Member, North East England
Here are a few ‘It’s Not Ok’ tools you can make a start with.
Know your rights, you have a right to be safe at work and to work free from sexist comments, sexual harassment and abuse.
Use these top tips and model clauses to build your own school policies. Start conversations that will inform the content of your school policy.
Taking a whole-school approach to developing a sense of community responsibility to prevent sexism and sexual harassment.
Tackling misogyny, from banter to Andrew Tate, requires including boys and young men as part of the solution.
AGENDA is an online resource for educators who want to empower children (age 7-18) to make positive relationships matter in their schools and communities.
Like many women in the education profession, Laura Rutley has children and has to balance childcare and working.
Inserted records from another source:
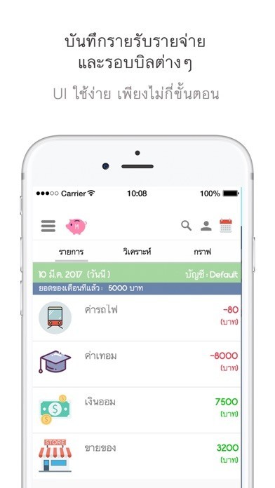 ▼ บันทึกรายการต่างๆได้สะดวก รวดเร็ว ไม่ว่าจะเป็นเงินออม เงินสะสม การใช้จ่าย รายไดั รายรับ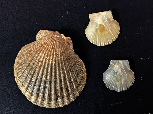 Plastic potje met etiket "Pecten maximus complanatus" bevattende 10 schelpen.
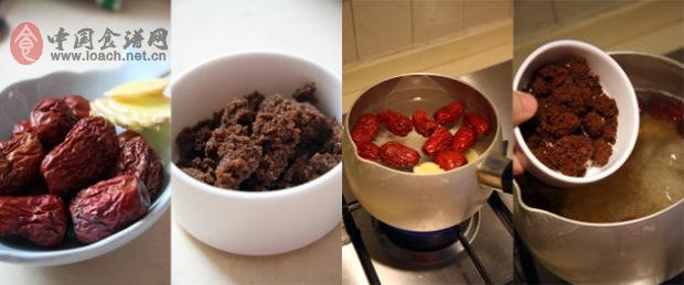 2、取一只小锅,冷水时将大枣和姜片放入,小火煮至沸腾;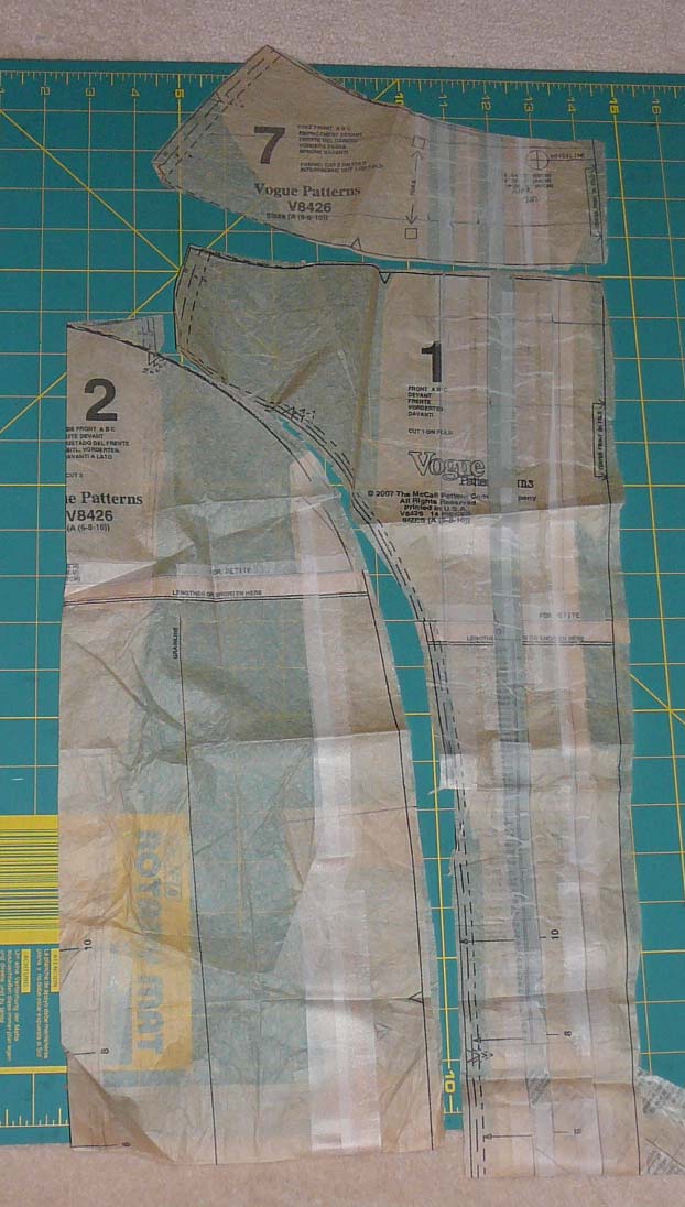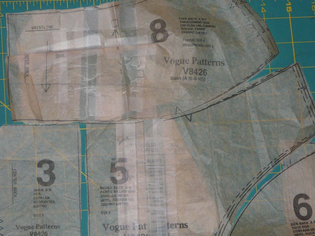 The main area that needed adjusting for the sway back was in the back pattern pieces. I did a bit of thinking and research before I had the guts to make this adjustment. Sherry does a good explanation about sway back analysis and adjustment.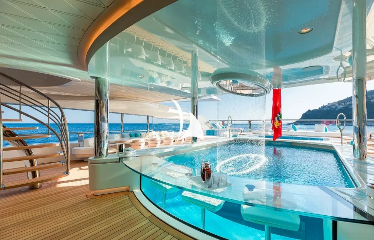 With so many standout features, including a floating IMAX cinema, it’s hard to pick just one or two. There’s the fully-certified helipad, the chic beach club with hammam and plunge pool, which sits beneath the large glass-bottomed swimming pool, and of course the nightclub.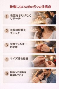 これが一番のリスク。実は「婚約指輪への憧れ」を持っている女性も多いんです。サプライズも素敵ですが、事前に本音を探っておくことも大切ですね。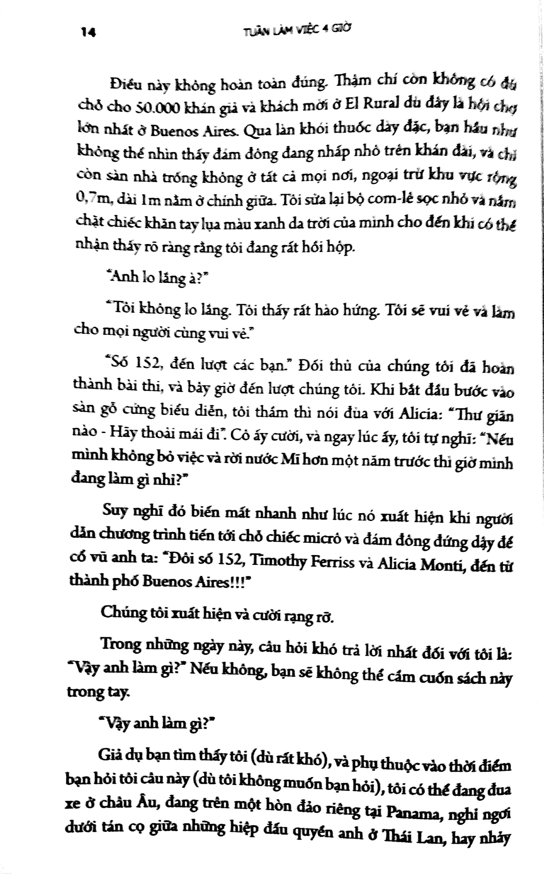 Trong cuốn sách này, Tim sẽ chỉ cho chúng ta thấy Làm thế nào để có được lối sống hoàn toàn tự do của một triệu phú mà không cần phải có 1 triệu đô la? Chỉ có một câu trả lời đơn giản, anh đã biết tách biệt thu nhập với thời gian và tạo ra lối sống lý tưởng cho mình, đi du lịch vòng quanh thế giới và tận hưởng những điều thú vị nhất trên hành tinh này. Và Tim còn chỉ cho bạn anh đã làm như thế nào để từ làm việc 14 giờ/ngày và kiếm 40.000 đô-la/ năm thành làm việc 4 giờ/ tuần và kiếm 40.000 đô la/ tháng?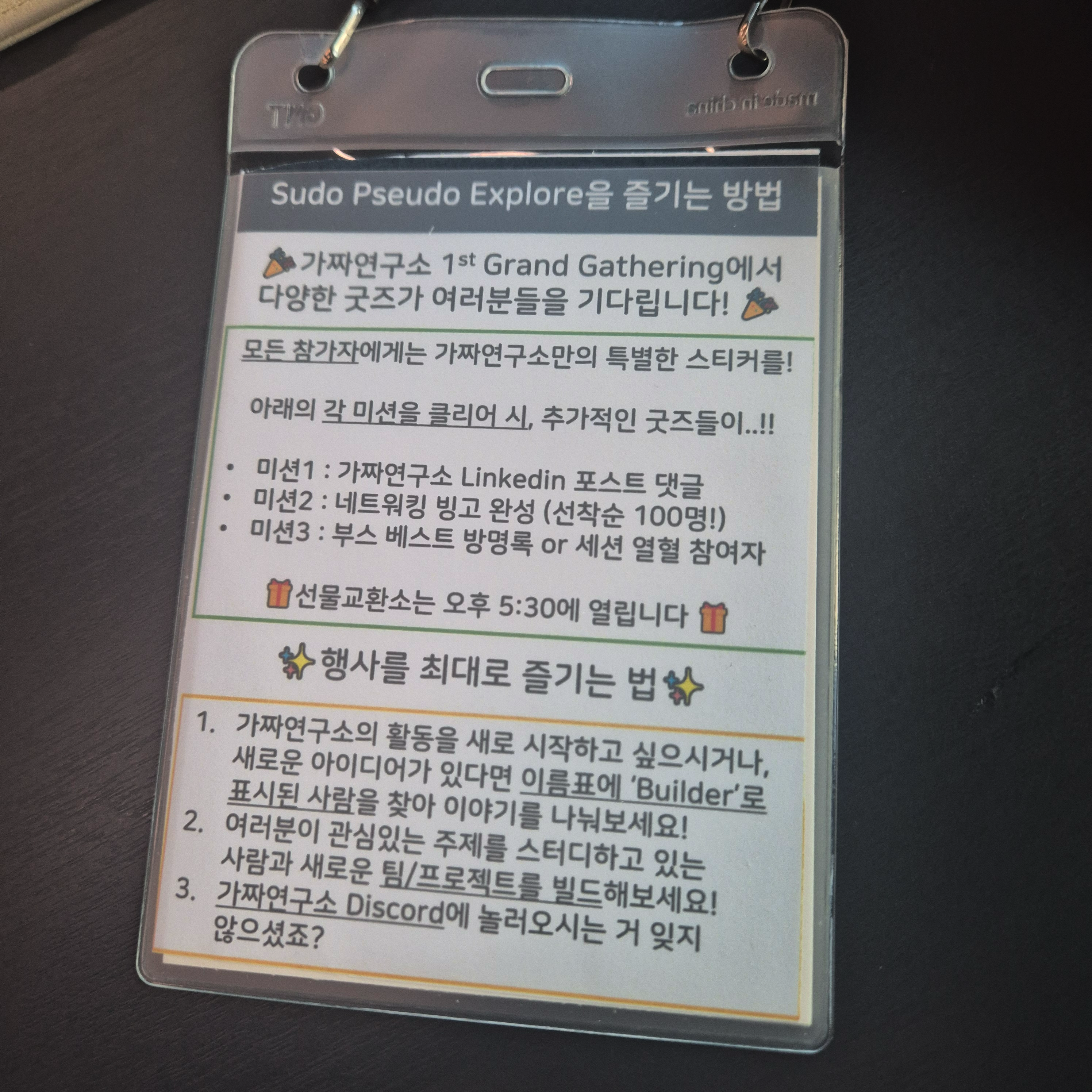 오늘 1st Grand Gathering - Sudo Pseudo Explore을 다녀오며 많은 자극을 받았고 AI에 이렇게 열중히 활동하시는 분들을 보며 제 의지를 다지게 되었습니다.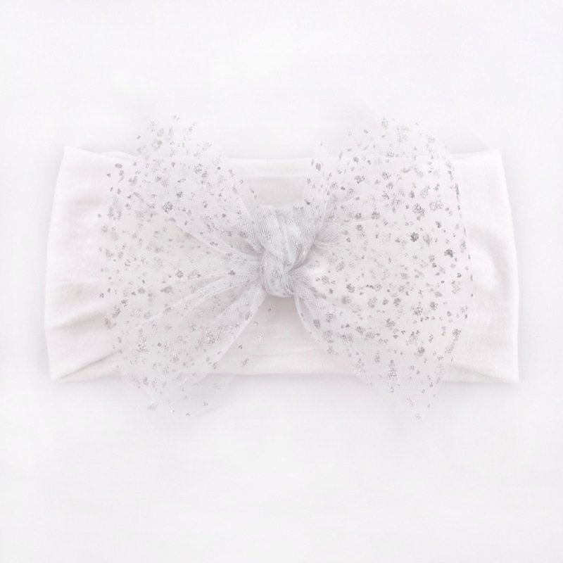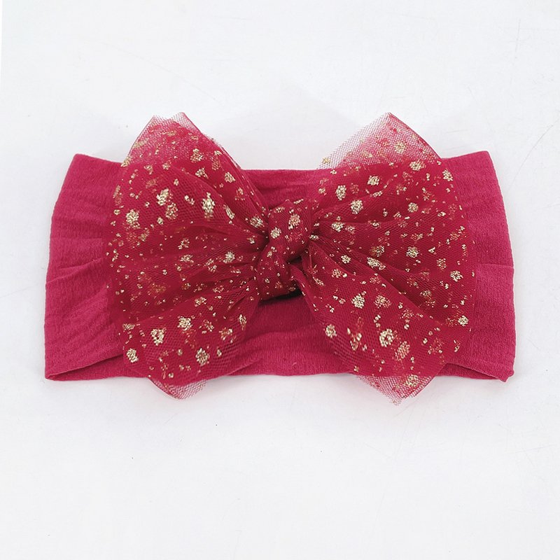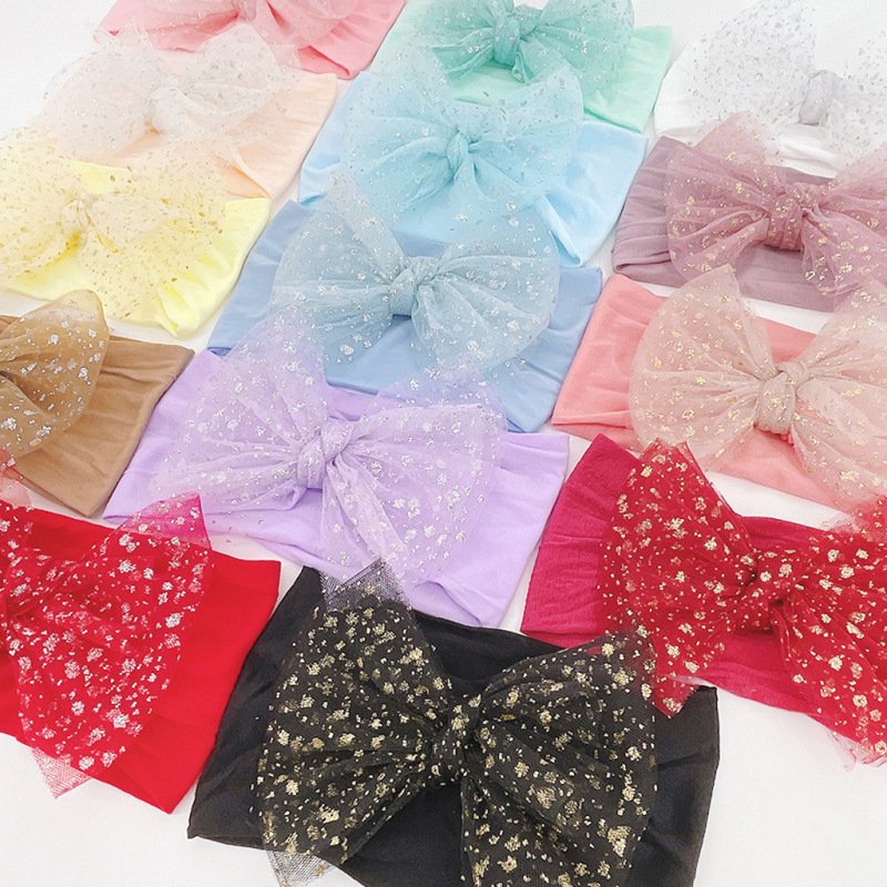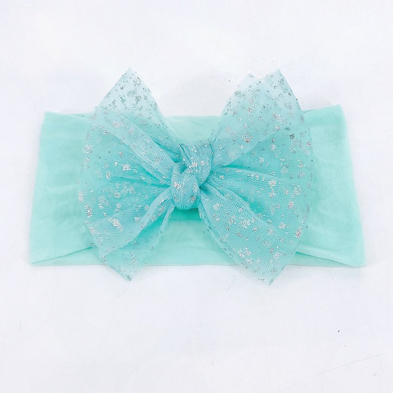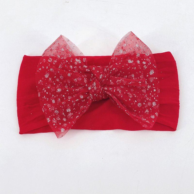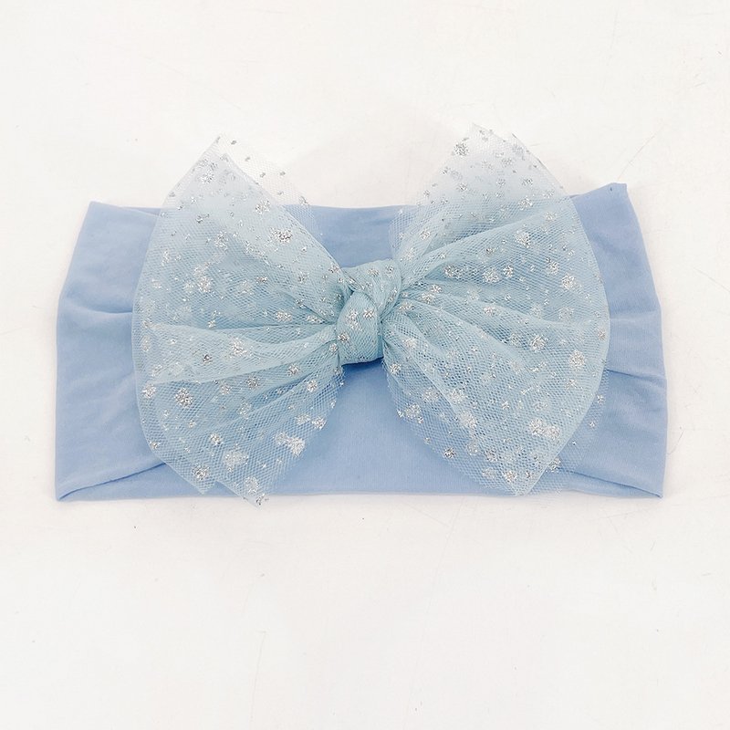 Children Kids Baby Fashion Girls Solid Color Mesh Bowknot Nylon Headband

In order to receive her pay progression, she was required to submit a body of evidence, despite glowing appraisals.
No matter how hard she tried to balance her work and childcare responsibilities, there was never the time to assemble this unnecessary body of work. Laura reached out to colleagues to see if any of them had any suggestions and to her horror, she discovered that several of her women colleagues had also failed to achieve pay progression, solely due to the fact they could not find any time as working mothers, to assemble this body of work.
It won’t come as a surprise to find that the gender pay gap in education is 18.8 per cent.
All of the above coupled with the impact of Covid 19 on women, meant that Laura felt she had to act.
Specific – Laura wrote a proposal to her head teacher to start a gender equality group.
Measurable – Students to be given a questionnaire about experiences/feelings each year, using the UK Feminista questionnaire on sexism
Achievable – Laura began to gather a group of supportive colleagues (men and women) who would like to be part of it. She was surprised and heartened to find so many of her colleagues were supportive and wanted to be involved – people of all genders and backgrounds. Laura reached out to staff in each faculty area and was soon able to assemble a group of around 20 staff, who met regularly to evaluate progress and discuss next steps.
Realistic – Laura started to research cultural change. She also read the school’s equality objectives. If a school is pursuing equality, they are pursuing change. Laura felt that it was important that equality was built into all systems, policies and procedures within the school and began to work closely with SLT. Her head teacher and many SLT members were incredibly supportive.
Timely – The campaign has a 5-year time frame, with short, medium and long-term goals.